Opinel N°8
刃渡り3.5cmの2番から12cmの12番まである中で最も標準的なオピネルナイフ8番。オピネル発祥地に近いサン・ジャン・ド・モリエンヌ村の紋章 (聖ヨハネの洗礼の手)とサヴォア公国を示す冠の組み合わせ(main couronnée)がマークだ。 9.30€
折りたたみナイフといえば、クトー・スイスやライヨールをまず思い浮かべる日本人が多いかもしれないが、フランス産でライヨールと双璧を成し、より大衆的なのがオピネルナイフだ。「ライヨール」は商標登録されていないため、ライヨール村やティエール町などの産地認可製品のほかに、外国産のコピー商品も多数ある。高級感があり値段も高いのに対して、オピネルのほうは丸っこい木製の柄が親しみやすく、日用品としてフランス人に愛されてきた。19世紀から変わらぬ独特のデザインは世界的にも知られ、1985年にヴィクトリア&アルバート博物館選出の「世界で最も美しい100の製品」に選ばれた。創業から一貫してオピネル家が作り続けてきた登録商標製品だ。
シャンベリーの南東80km、イタリアに近いアルプス山間の小さな村、ジェヴッド(Gévoudaz)で祖父の代から鎌や斧といった農具の鍛冶屋だったオピネル家の長男ジョゼフは1890年、弱冠18歳で現在のオピネルナイフにほぼ近いナイフを創った。機械好きだった彼は柄になる木を削る機械を自分で作り、工場を建てた。1915年には工場をシャンベリー郊外に移して拡張。父ジョゼフに似て機械や工作が好きなマルセルは55年、ナイフの刃と柄の間のはめ輪 (virole)の上に、刃が閉じないようにする安全輪を加え、これを 「Virobloc」として特許を取った。こうして現在のオピネルナイフが完成したわけだ。
1973年にシャンベリー市内に移転した工場を見学した。まずは柄の製造セクションへ。柄はナイフのサイズに応じてカット済みで仕入れた角材が、あの独特なカーブを描いた円柱形の形に削られ、折りたたむ時に刃が入る割れ目をつけられ、綿布で磨かれるまでの工程を、1台の機械がおこなう。木材は8割がジュラ地方のヨーロッパブナだが、他にもオリーブの木、オーク、クルミの木などの高級木材、カラー柄用のカバノキ類も使われる。成型が終わると、ニスを塗って乾かされる。

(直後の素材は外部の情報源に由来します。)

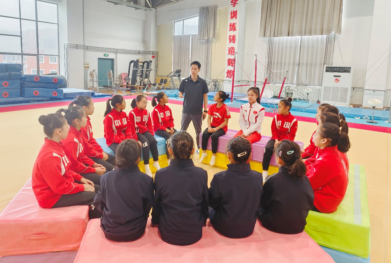 10月4日上午,体操学院体操女队在体操训练馆内组织开展了 “身边的榜样”冠军分享交流活动。刚刚在第19届杭州亚运会体操比赛中获得女子团体、女子个人全能两枚金牌的运动员左彤跟队里的小师妹们做了精彩的分享和交流。体操女队一线主教练周祝麟主持活动。

次は 「はめ輪」と安全輪(Virobloc)の製造工程だ。約10cm幅のステンレス帯が巨大な機械に吸い込まれると、カットされて輪になって出てくる。1分間に150の輪が生産できる。この機械を担当している若いヤニックさんは 「それぞれの工程に合わせて内部の部品をチェックして交換したり、修理する。やりがいのある仕事だ」と胸を張る。
刃のほうは、昔は自社で鍛造、焼入れしていたが、今では炭素鋼(ドイツから輸入)とステンレス鋼 (スウェーデンから輸入)をリヨンの下請け会社でカット・焼き入れしたものを使う。オピネルの工場では、物を切るときの抵抗を少なくするためにわずかに丸みを帯びた形に削り、研いで両刃を付ける。この工程もロボットのような自動機械ででき、1時間に320本の刃を生産する。刃のない形だけのナイフが切れ味の鋭い刃になって次々と出てくる様は魔法のようだ。
最後に柄とはめ輪と刃の3部品を手作業で並べたものを、機械がリベットで固定しロゴを付ける。次に手作業で安全輪がはめられ、最後の仕上げは丸砥石の間にほんの一瞬刃を通す仕上げの研ぎ作業。この勘のいる作業を35年続けているミッシェルさんは夫も息子もオピネル社員だ。包装を終えた製品の行き先は55%が国内で、残りは伊、独、北欧、米、南アなど。日本へは1972年から輸出している。
創業者親子が発明した機械を改良・進化させて合理的な生産を行うオピネル社は、調理用、食事用、園芸用、アウトドア用、記念・贈答用、また寄木や牛角、革製の高級柄など商品を多様化、年間生産400万本、年商1880万ユーロとここ5年で倍増させ、不況知らずの快進撃を続けている。(し)
www.opinel.com
OPINELの折りたたみナイフ。
オピネル創始者、 ジョゼフ・オピネル。
はめ輪・安全輪の機械を担当するヤニックさん。 大学の機械科を卒業後、他社を経てオピネル入社3ヵ月。